What is required >> Look below for the line with "6/30/25, 7:54 AM". Retype it and every line after it to the end, exactly, but leave out the pictures.

Supplied material >>
***

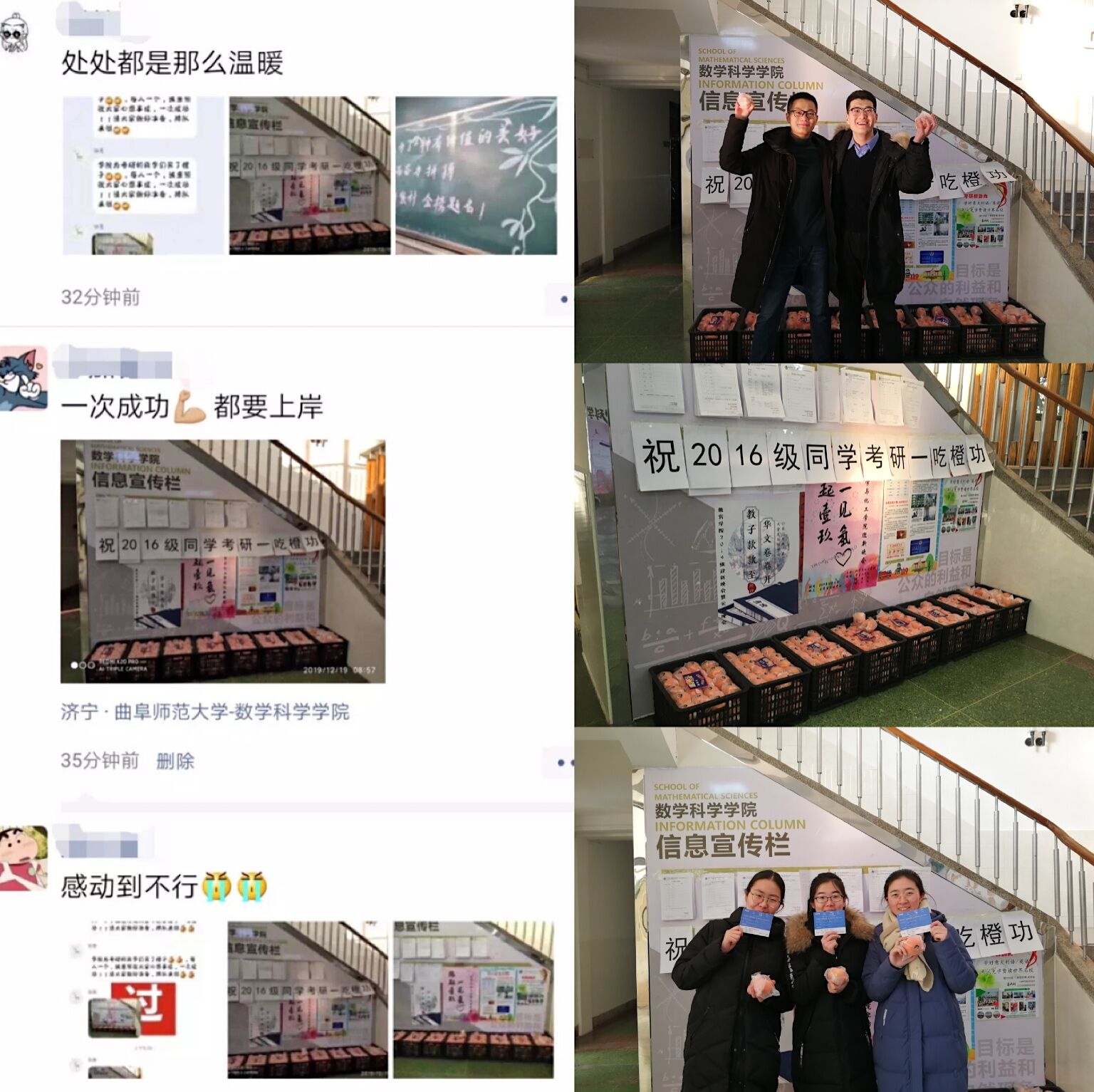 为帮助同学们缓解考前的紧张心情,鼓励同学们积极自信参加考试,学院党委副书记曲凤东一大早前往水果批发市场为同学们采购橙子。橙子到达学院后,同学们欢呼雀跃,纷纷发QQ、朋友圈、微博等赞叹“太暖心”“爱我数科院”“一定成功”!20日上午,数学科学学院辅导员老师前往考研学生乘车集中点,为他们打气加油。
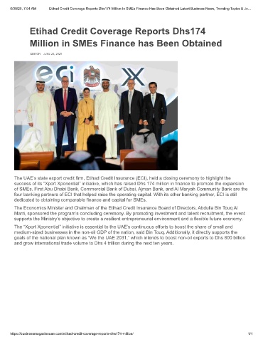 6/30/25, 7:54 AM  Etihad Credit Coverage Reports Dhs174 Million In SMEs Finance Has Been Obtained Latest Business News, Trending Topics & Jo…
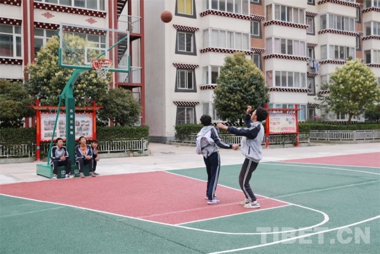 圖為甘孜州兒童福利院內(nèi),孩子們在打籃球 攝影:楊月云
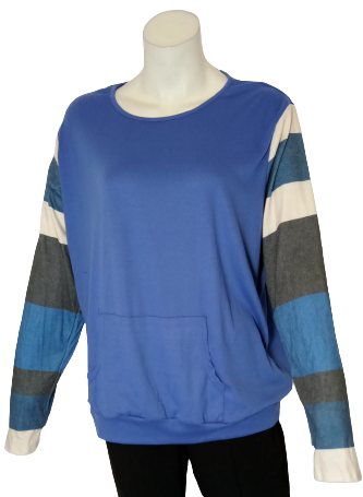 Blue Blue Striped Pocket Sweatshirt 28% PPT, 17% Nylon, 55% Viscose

***

Completed exercise >>
 6/30/25, 7:54 AM  Etihad Credit Coverage Reports Dhs174 Million In SMEs Finance Has Been Obtained Latest Business News, Trending Topics & Jo…
 圖為甘孜州兒童福利院內(nèi),孩子們在打籃球 攝影:楊月云
 Blue Blue Striped Pocket Sweatshirt 28% PPT, 17% Nylon, 55% Viscose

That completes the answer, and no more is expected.